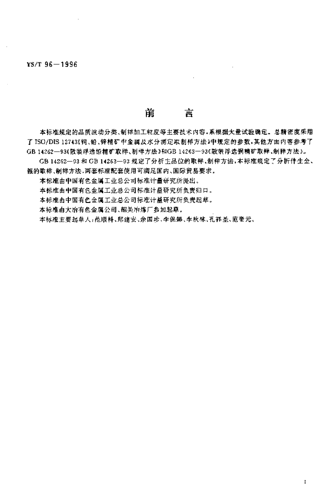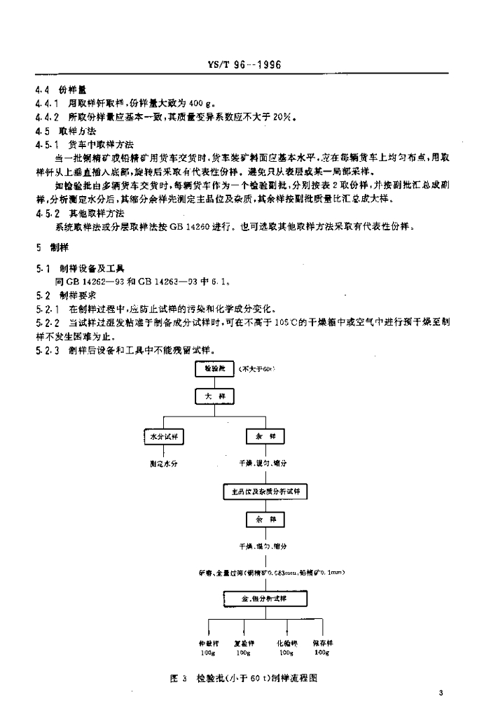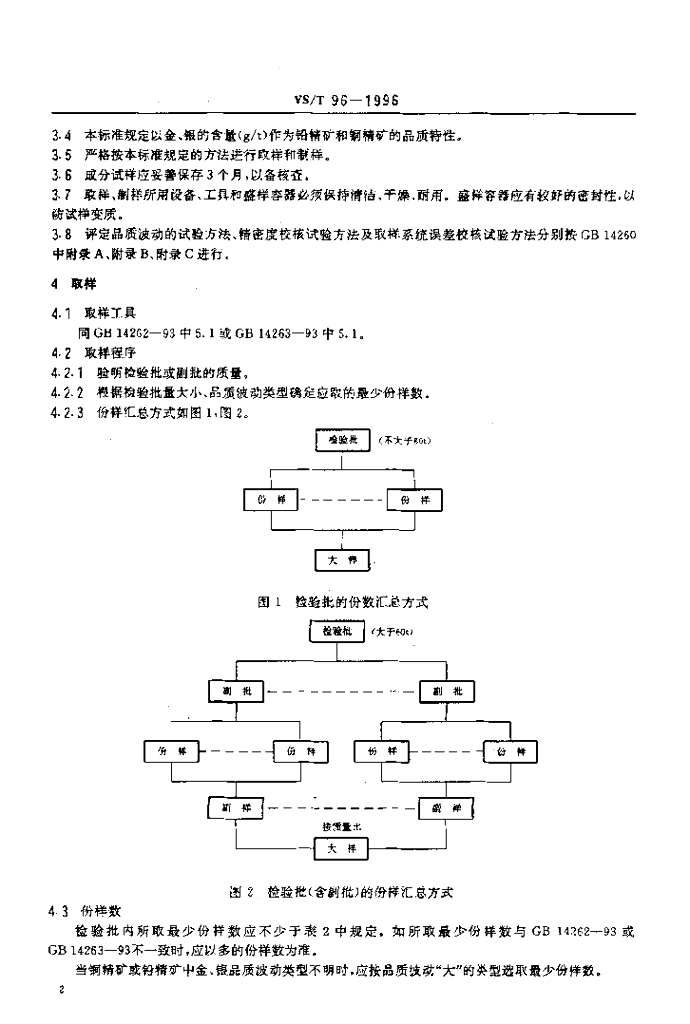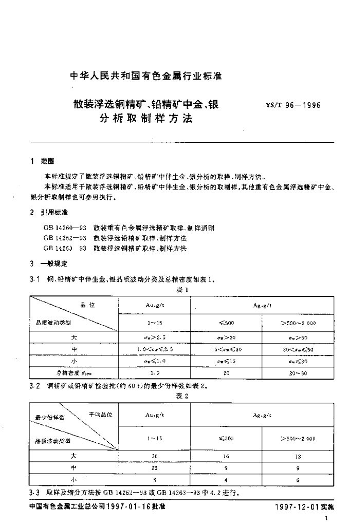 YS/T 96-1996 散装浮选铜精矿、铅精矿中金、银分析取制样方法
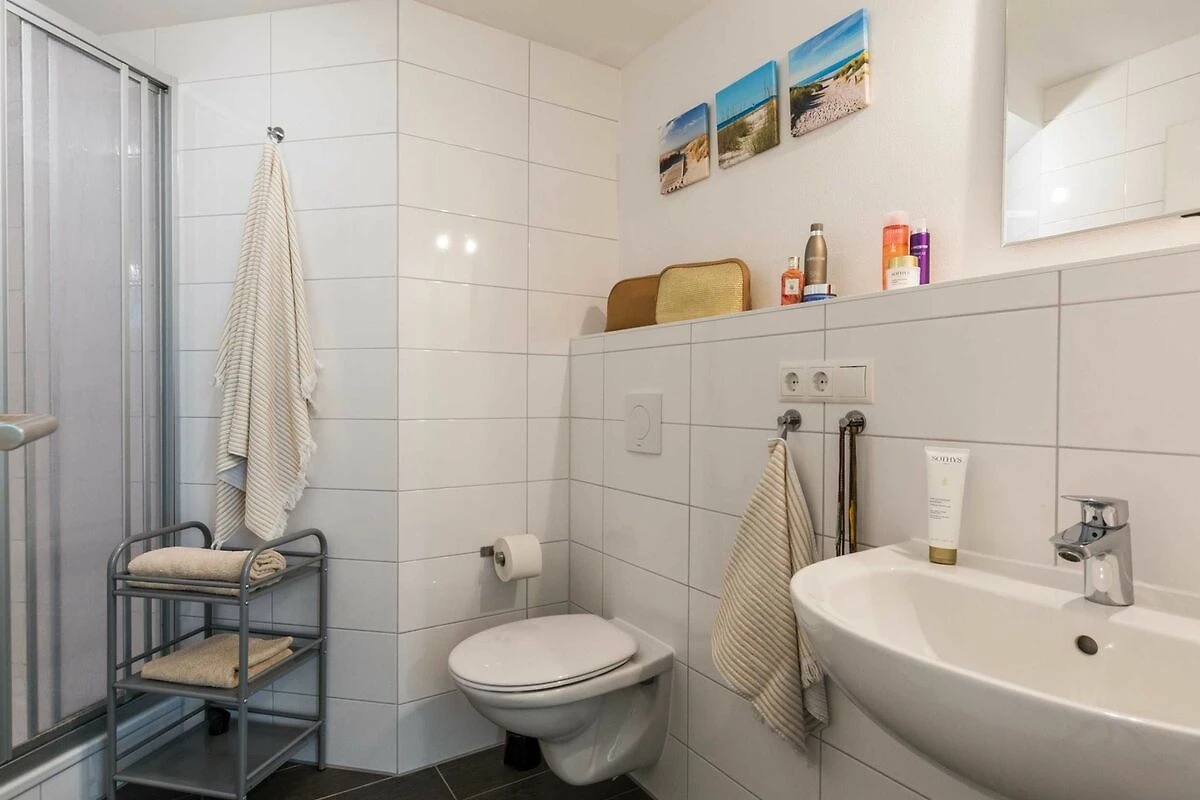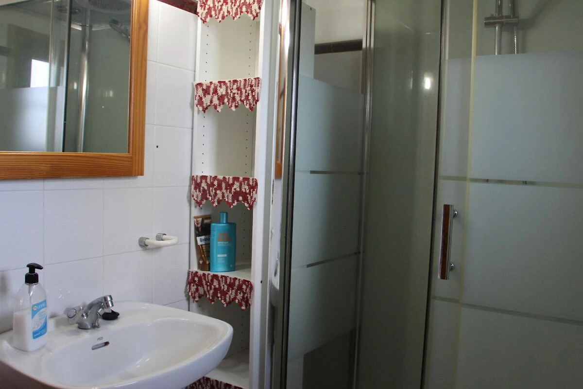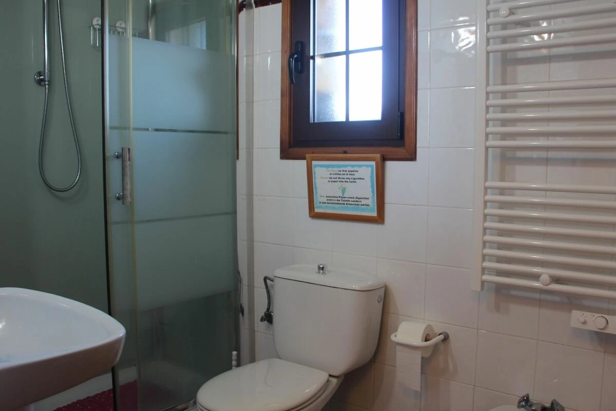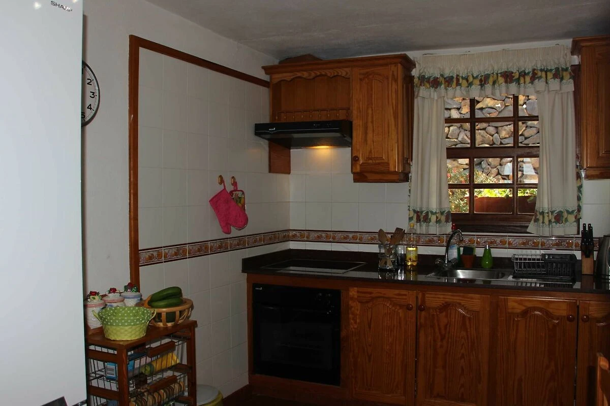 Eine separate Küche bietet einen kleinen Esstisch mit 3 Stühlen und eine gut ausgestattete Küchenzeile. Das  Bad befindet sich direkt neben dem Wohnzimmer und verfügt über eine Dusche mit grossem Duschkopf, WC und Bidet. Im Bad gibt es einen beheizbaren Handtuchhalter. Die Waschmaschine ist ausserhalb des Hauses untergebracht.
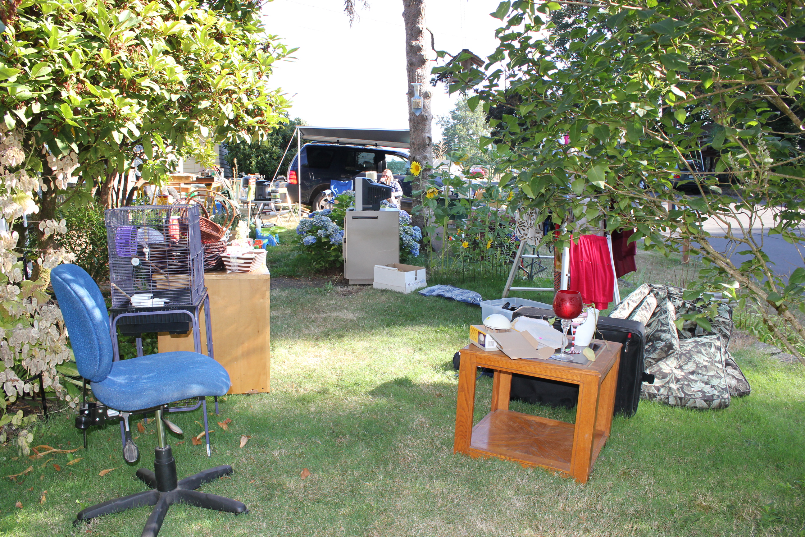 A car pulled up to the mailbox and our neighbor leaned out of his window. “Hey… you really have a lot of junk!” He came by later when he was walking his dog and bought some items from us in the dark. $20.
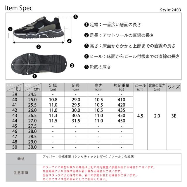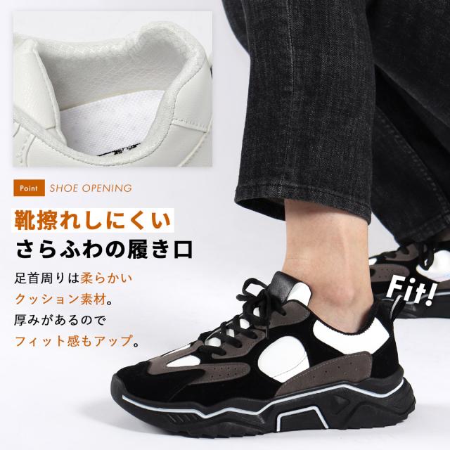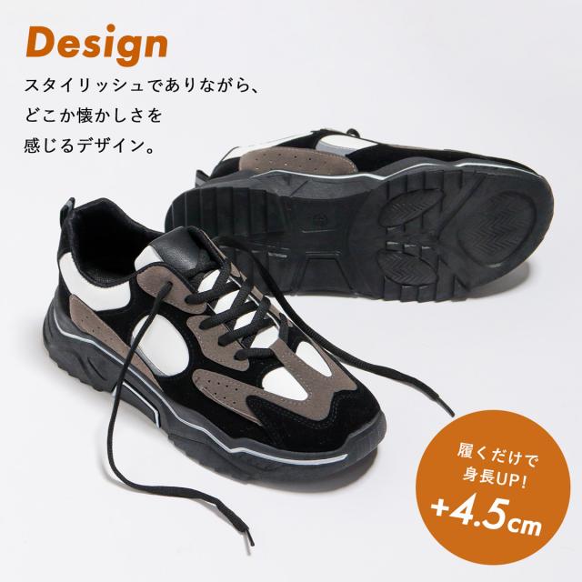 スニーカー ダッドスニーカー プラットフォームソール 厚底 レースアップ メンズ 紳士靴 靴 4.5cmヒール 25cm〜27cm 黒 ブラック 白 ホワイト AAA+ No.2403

---

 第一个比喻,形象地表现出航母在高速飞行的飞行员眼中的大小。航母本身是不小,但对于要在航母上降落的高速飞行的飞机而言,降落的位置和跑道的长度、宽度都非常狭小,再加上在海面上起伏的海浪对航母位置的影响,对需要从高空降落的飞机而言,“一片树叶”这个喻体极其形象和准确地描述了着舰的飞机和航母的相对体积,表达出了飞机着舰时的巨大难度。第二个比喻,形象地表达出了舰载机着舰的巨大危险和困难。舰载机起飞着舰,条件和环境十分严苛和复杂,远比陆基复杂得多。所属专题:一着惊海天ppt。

> Instructions for the task
Nothing but the lines above from the one that has "Eine separate Küche" down to the one that has "A car pulled" belongs in the answer, copied exactly, without pictures.

> Your solution
 Eine separate Küche bietet einen kleinen Esstisch mit 3 Stühlen und eine gut ausgestattete Küchenzeile. Das  Bad befindet sich direkt neben dem Wohnzimmer und verfügt über eine Dusche mit grossem Duschkopf, WC und Bidet. Im Bad gibt es einen beheizbaren Handtuchhalter. Die Waschmaschine ist ausserhalb des Hauses untergebracht.
 A car pulled up to the mailbox and our neighbor leaned out of his window. “Hey… you really have a lot of junk!” He came by later when he was walking his dog and bought some items from us in the dark. $20.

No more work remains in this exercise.